■ TASK BRIEF: The lines in the listing below are to be given again exactly, starting at the line holding "BSCKI Lê Huyền" and ending at the line holding "Rise & Fall". Do not include pictures.

=== SUPPLIED DATA ===

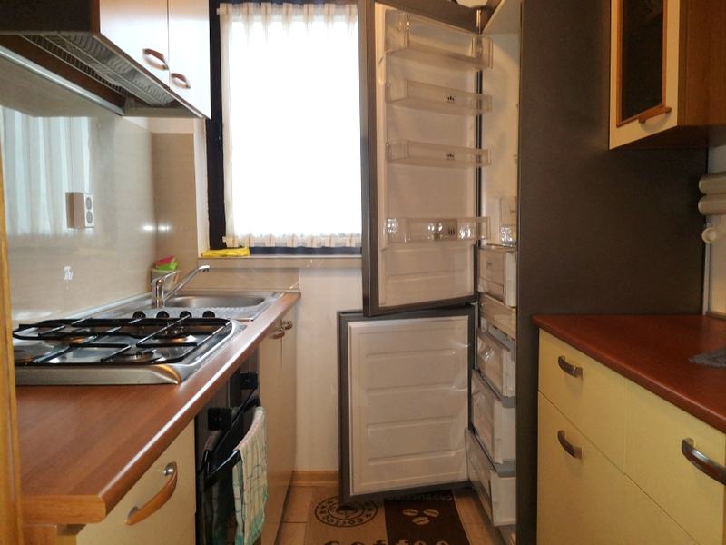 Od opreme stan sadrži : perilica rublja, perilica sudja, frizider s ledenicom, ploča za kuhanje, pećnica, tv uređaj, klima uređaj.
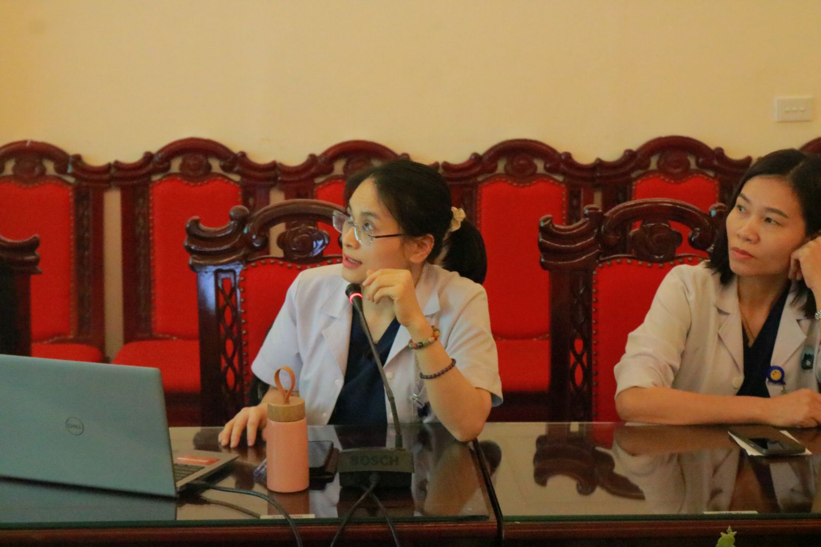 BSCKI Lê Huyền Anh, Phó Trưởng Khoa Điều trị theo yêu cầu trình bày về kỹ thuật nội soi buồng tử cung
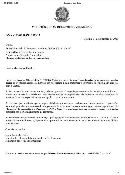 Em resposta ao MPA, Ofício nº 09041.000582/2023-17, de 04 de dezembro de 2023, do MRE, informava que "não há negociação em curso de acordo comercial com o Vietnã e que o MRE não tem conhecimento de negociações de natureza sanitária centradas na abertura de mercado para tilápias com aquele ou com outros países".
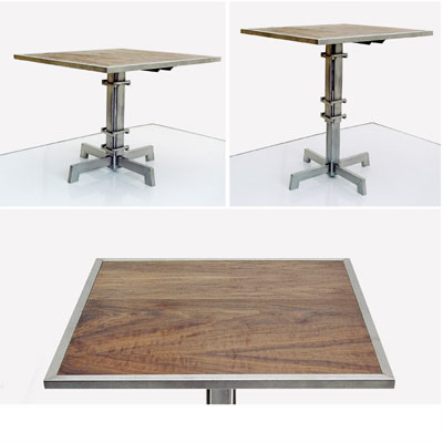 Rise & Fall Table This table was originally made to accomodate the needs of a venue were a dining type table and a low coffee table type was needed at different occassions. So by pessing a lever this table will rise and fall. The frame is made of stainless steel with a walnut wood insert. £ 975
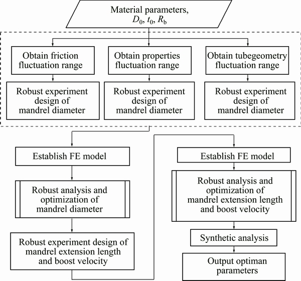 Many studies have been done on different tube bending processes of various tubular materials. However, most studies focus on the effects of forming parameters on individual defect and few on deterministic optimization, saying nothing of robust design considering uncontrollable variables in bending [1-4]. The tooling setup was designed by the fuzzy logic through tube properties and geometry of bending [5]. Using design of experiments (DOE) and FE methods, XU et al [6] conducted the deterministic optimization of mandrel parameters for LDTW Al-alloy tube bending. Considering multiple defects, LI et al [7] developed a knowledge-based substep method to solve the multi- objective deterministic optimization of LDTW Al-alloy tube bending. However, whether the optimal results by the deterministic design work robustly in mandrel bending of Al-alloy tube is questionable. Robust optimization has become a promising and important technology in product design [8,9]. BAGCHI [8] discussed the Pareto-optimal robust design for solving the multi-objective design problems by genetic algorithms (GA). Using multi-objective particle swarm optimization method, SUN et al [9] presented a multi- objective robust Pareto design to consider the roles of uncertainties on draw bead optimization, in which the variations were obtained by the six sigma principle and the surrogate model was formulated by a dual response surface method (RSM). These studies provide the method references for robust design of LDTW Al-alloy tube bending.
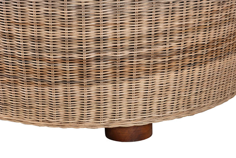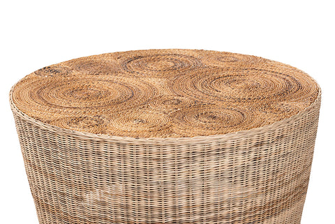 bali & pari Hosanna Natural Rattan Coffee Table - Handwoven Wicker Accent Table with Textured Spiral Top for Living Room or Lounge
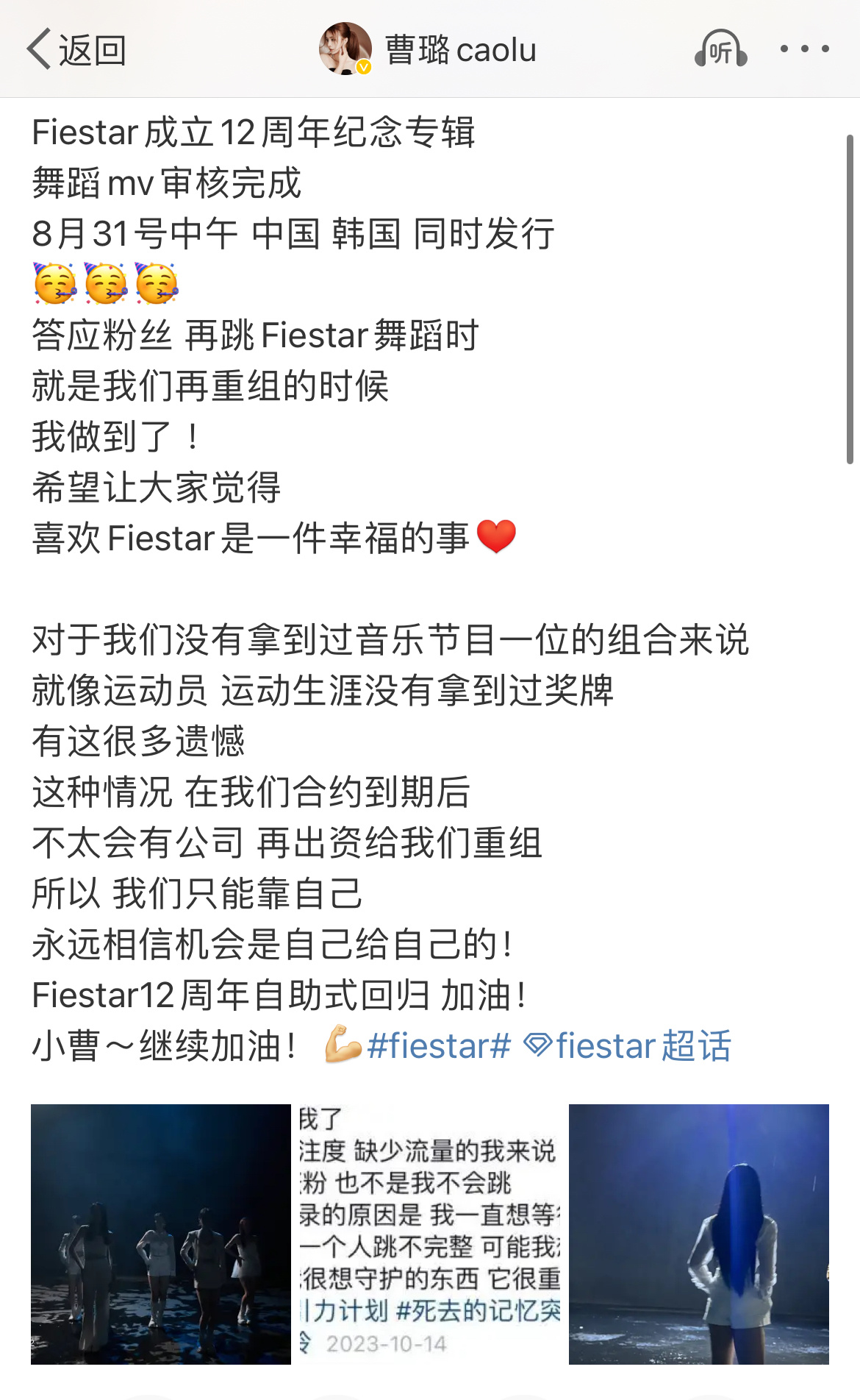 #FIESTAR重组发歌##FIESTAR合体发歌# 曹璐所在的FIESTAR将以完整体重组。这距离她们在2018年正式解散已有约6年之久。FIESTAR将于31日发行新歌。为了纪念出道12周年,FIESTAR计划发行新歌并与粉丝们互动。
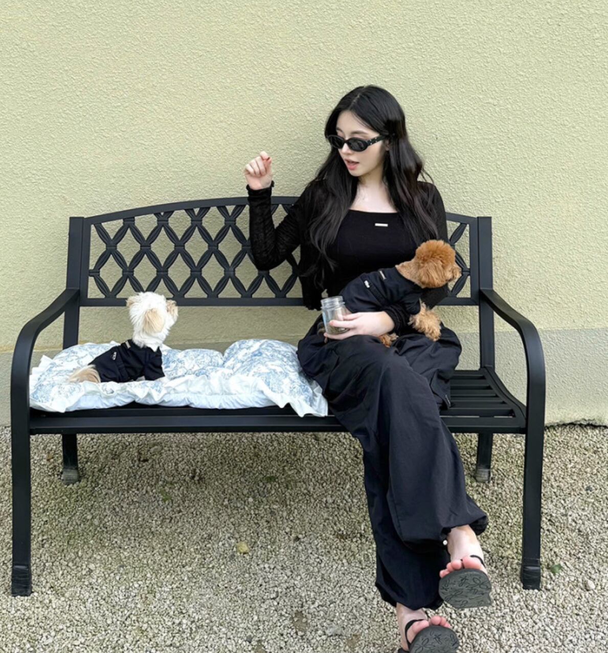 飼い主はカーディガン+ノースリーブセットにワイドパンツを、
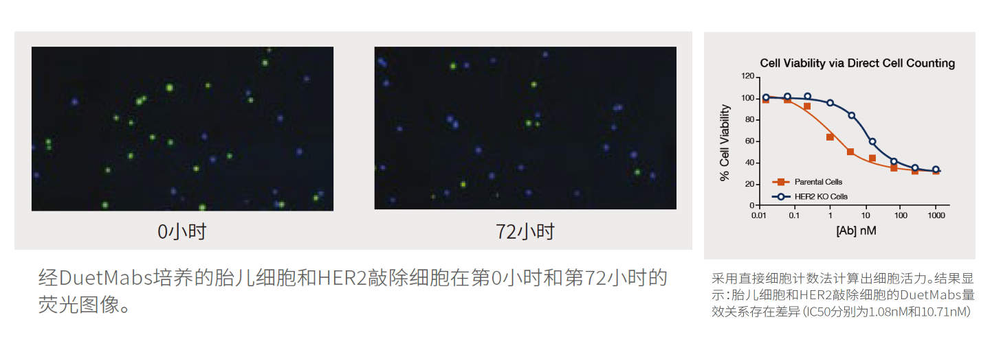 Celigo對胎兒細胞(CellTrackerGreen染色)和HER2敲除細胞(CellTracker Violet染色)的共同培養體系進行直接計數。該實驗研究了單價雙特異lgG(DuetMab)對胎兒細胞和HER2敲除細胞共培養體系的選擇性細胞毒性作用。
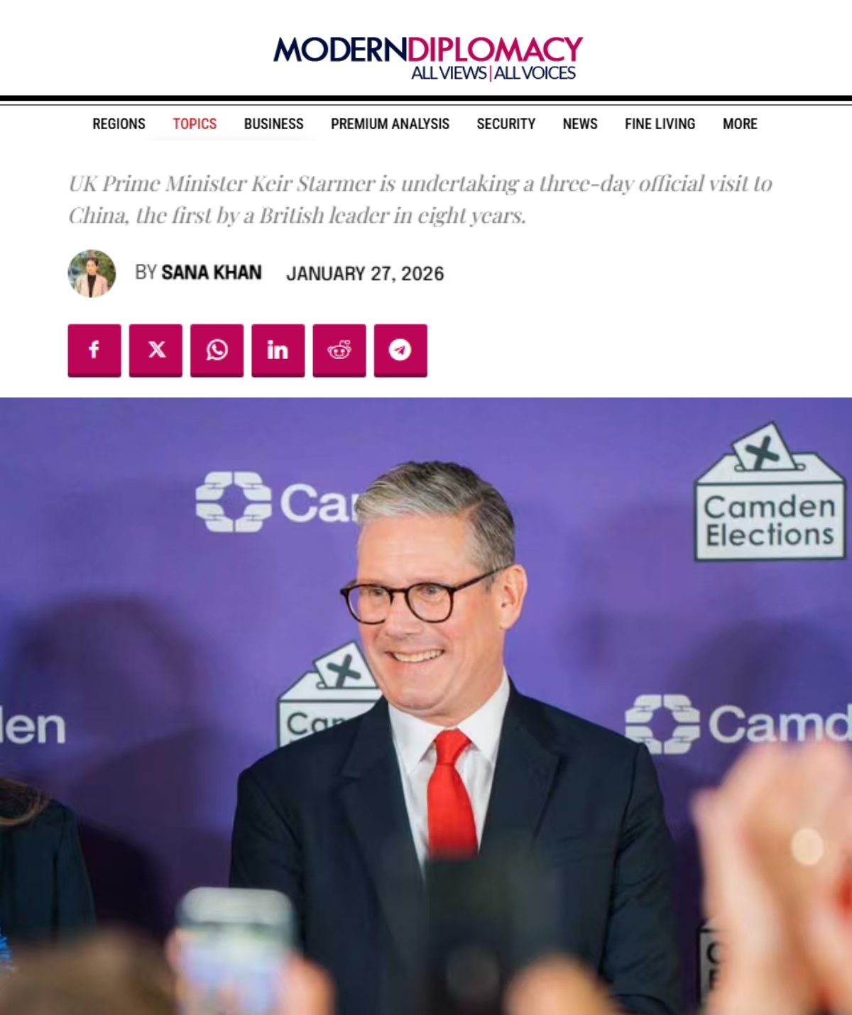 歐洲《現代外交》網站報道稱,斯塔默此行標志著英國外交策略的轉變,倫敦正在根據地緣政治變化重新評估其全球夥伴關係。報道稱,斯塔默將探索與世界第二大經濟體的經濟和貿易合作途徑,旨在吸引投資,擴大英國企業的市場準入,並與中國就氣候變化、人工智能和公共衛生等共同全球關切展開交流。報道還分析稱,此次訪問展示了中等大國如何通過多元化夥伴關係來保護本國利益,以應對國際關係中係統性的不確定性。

===

■ RESPONSE BOX:
 BSCKI Lê Huyền Anh, Phó Trưởng Khoa Điều trị theo yêu cầu trình bày về kỹ thuật nội soi buồng tử cung
 Em resposta ao MPA, Ofício nº 09041.000582/2023-17, de 04 de dezembro de 2023, do MRE, informava que "não há negociação em curso de acordo comercial com o Vietnã e que o MRE não tem conhecimento de negociações de natureza sanitária centradas na abertura de mercado para tilápias com aquele ou com outros países".
 Rise & Fall Table This table was originally made to accomodate the needs of a venue were a dining type table and a low coffee table type was needed at different occassions. So by pessing a lever this table will rise and fall. The frame is made of stainless steel with a walnut wood insert. £ 975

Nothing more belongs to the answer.